Work to complete - Pictures are to be left out, and only the lines below starting at the one with "Aus Nachlaß werden" and ending at the one with "USアーミーのミリタリーパン" are to be reproduced, each exactly, both ends included.
══ Input data ══
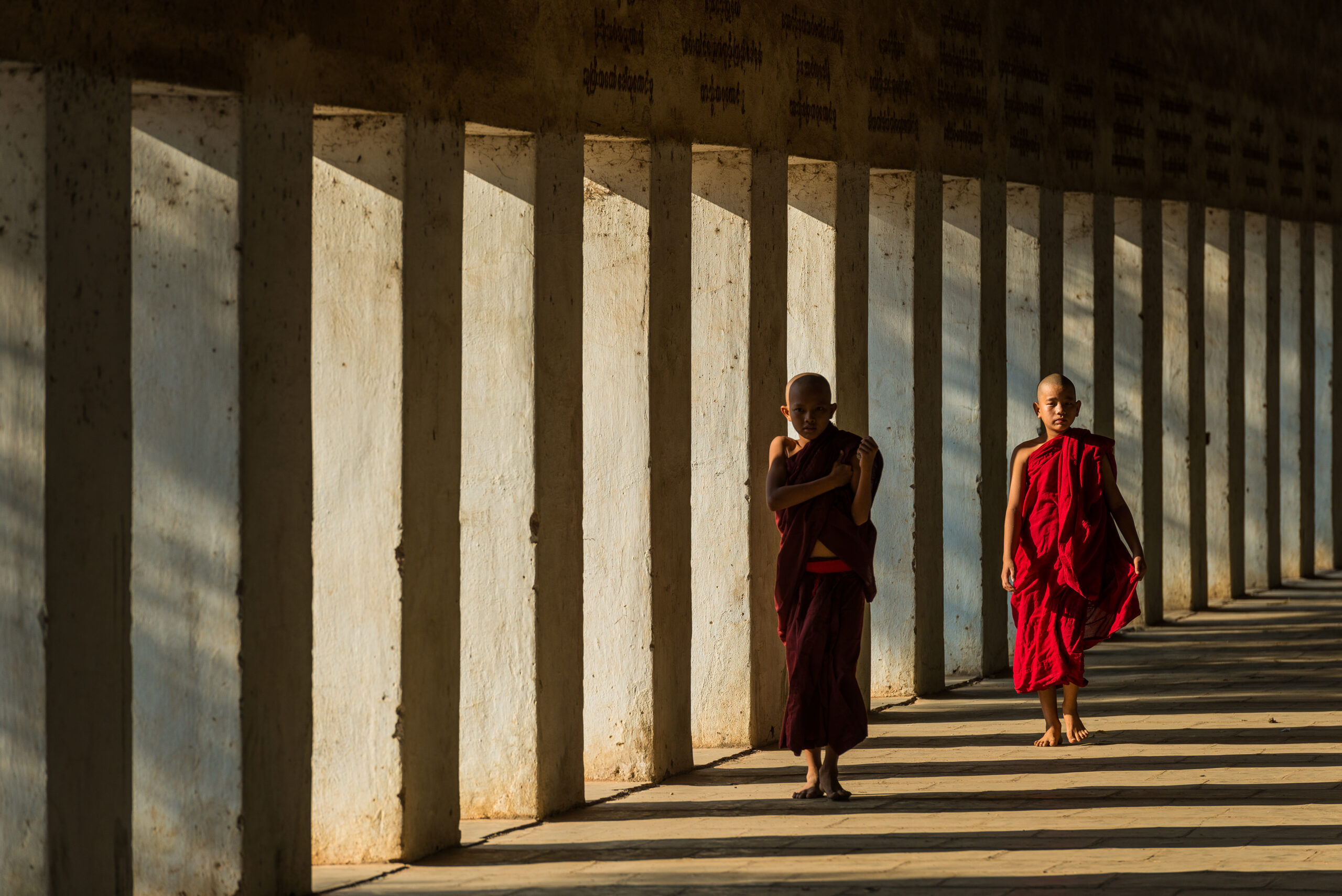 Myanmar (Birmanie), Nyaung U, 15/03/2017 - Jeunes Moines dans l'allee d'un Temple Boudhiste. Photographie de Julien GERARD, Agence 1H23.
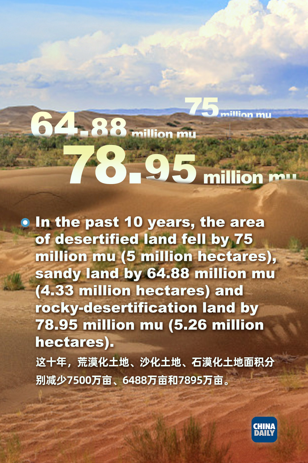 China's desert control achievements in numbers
═══
══ Input data ══
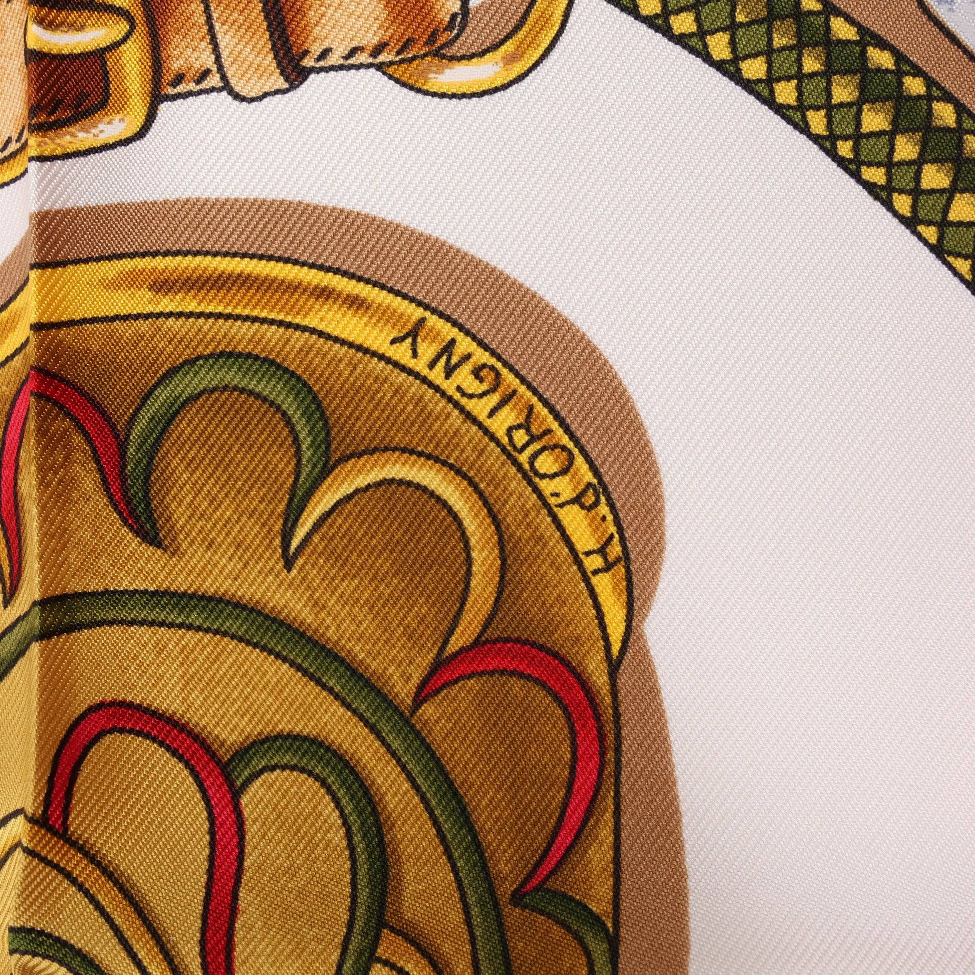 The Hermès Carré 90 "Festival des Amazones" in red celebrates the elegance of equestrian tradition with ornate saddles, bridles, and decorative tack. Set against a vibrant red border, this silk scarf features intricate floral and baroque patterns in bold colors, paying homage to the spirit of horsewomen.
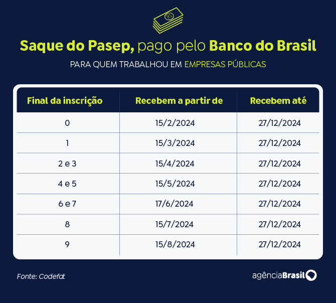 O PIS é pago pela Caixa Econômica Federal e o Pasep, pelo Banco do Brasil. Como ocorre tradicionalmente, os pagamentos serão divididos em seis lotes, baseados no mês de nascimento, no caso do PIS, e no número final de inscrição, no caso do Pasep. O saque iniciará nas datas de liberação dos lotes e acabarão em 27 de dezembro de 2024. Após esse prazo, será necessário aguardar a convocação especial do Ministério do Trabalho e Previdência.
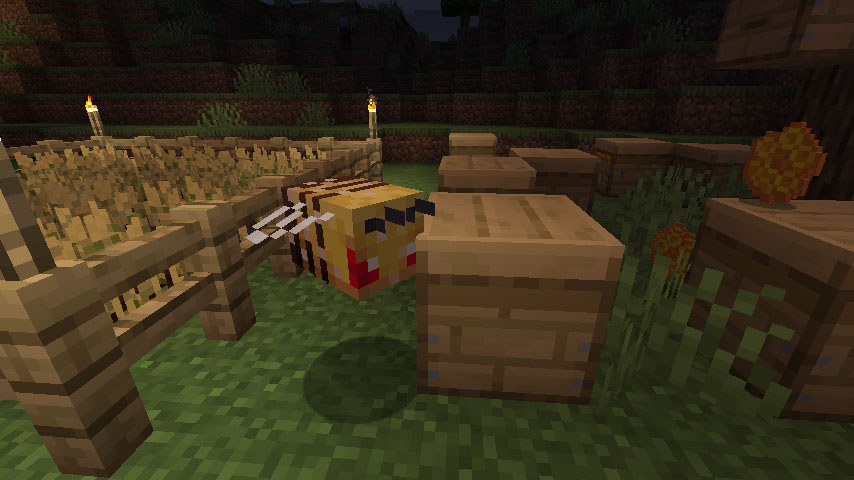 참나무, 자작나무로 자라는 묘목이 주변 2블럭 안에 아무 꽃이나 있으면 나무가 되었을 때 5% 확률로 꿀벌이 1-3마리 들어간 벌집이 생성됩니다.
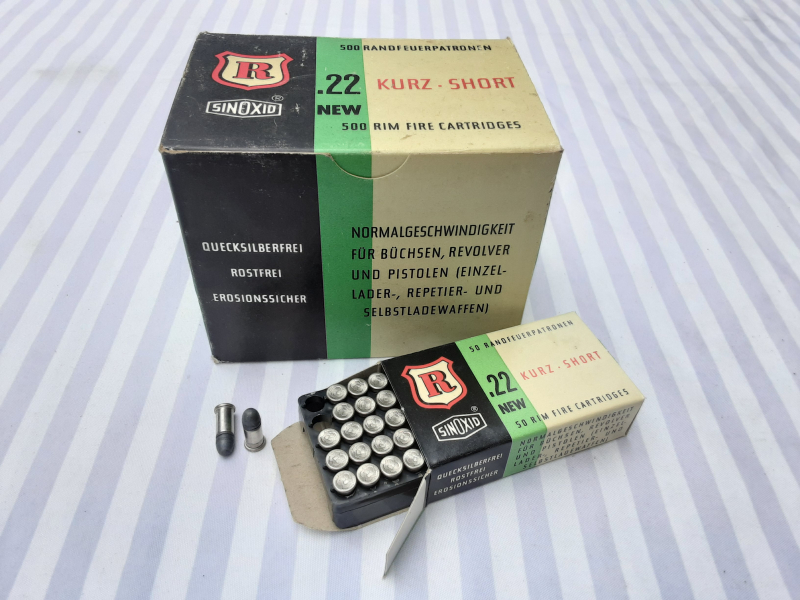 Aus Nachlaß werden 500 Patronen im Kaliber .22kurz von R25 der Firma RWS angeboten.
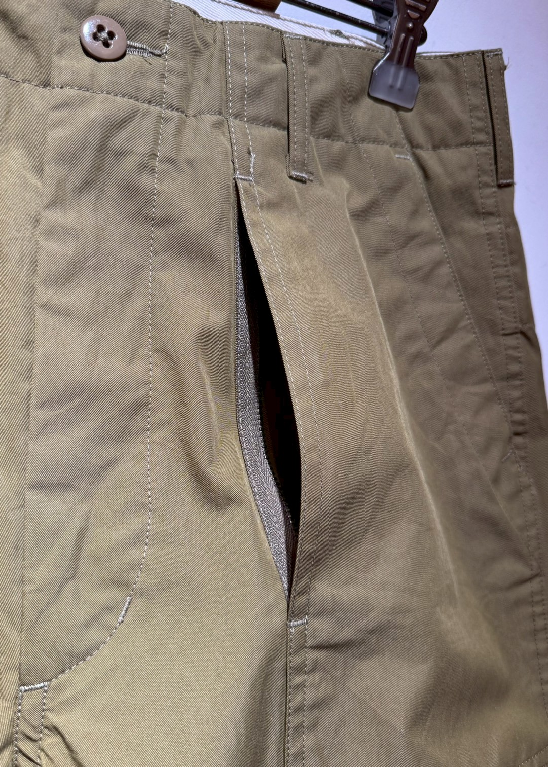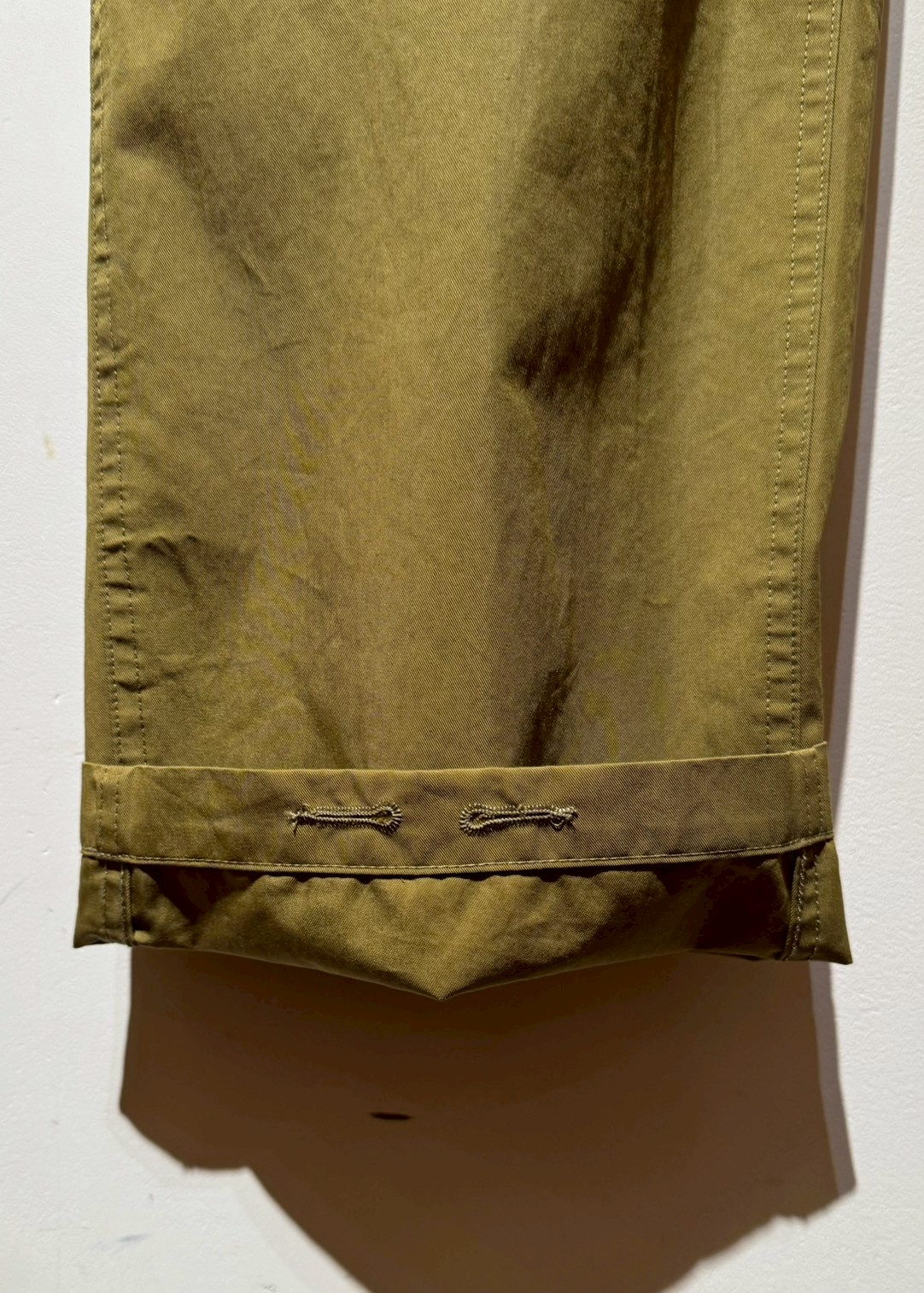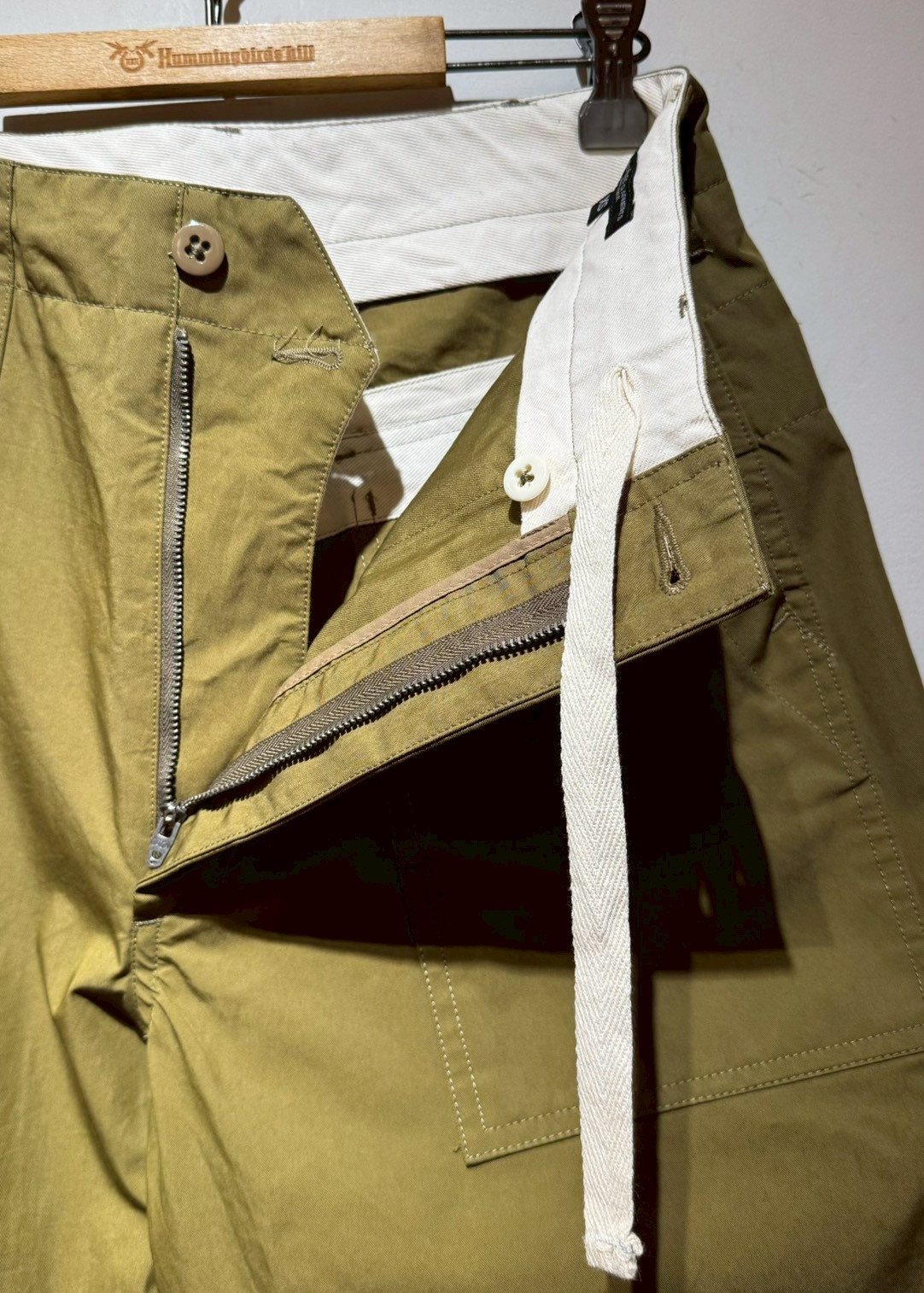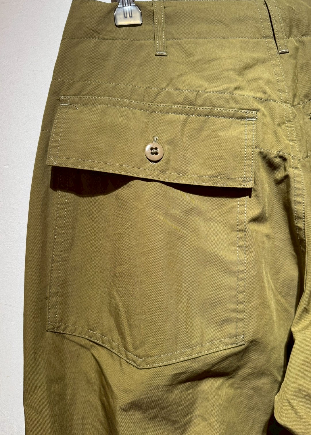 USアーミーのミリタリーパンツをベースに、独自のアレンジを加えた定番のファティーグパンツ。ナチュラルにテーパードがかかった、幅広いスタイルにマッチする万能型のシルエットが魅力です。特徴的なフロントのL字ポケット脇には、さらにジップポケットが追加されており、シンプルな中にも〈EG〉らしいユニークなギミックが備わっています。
═══
══ Input data ══
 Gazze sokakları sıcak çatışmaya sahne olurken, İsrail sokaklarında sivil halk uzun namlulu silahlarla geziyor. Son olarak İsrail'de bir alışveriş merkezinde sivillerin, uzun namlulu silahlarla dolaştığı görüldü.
═══
Output -
 Aus Nachlaß werden 500 Patronen im Kaliber .22kurz von R25 der Firma RWS angeboten.
 USアーミーのミリタリーパンツをベースに、独自のアレンジを加えた定番のファティーグパンツ。ナチュラルにテーパードがかかった、幅広いスタイルにマッチする万能型のシルエットが魅力です。特徴的なフロントのL字ポケット脇には、さらにジップポケットが追加されており、シンプルな中にも〈EG〉らしいユニークなギミックが備わっています。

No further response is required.